To watch a baseball game on TV was a luxury. I remember running home from school to catch the end of the 7th game of the 1960 World Series between the hated New York Yankees and the blue collar Pittsburgh Pirates. I listened to most of that game on my transistor radio which was a luxury poor kids like me did not usually have. I did so by running the ear piece cord up my sweater and into the palm of my hand. I then leaned my face on my hand as though I was bored so that the nun would not see me and make me put it away. (Right before the bell rang she asked me in front of the class what the score was!!!) I ran home (six blocks), rushed into our home, a shack we rented for $60 per month (I remember how much it was because I had to go up to the landlord every month and pay the rent) just in time to see Bill Mazeroski hit the world series winning home run. Then we all ran into the street, where by the way, we played football in traffic, and hugged our neighbors, the same neighbors who looked out for each other's kids. We watched the sun set through the red cloud of the steel mills we could see from miles away.

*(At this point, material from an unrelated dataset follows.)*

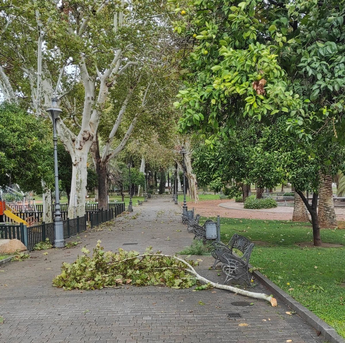 Rama caída en los Jardines de la Agricultura de Córdoba por el temporal de viento y lluvia del jueves 19 de octubre. - EUROPA PRESS

I know I long for the good ole days of the 50's and early 60's with some sort of unrealistic nostalgia. I know that one day, the first decade of the new millennium will be viewed by our kids as the "simpler times." Each generation longs to be young again. But these are very dark days and the nuclear family has all but died. The latch key kids of the last generation are now the same people who divorce their spouses with alarming regularity. In my day (there it is again) divorce was a disgrace and out of wedlock pregnancies were never glamorized with a shower. Of course we also had segregation and sinful racism, I know. But students did not slap teachers. Teachers did not fear students. Parents mattered and so did grandparents. To move away from home was an emotional disaster. I know because we did move when my dad could not find work. I watched my parents suffer financially but never questioned their love or that I would be OK. Yes, I do long for simpler times and so should you.
And I wonder about Little Caylee. It takes a village - a family. Where was hers?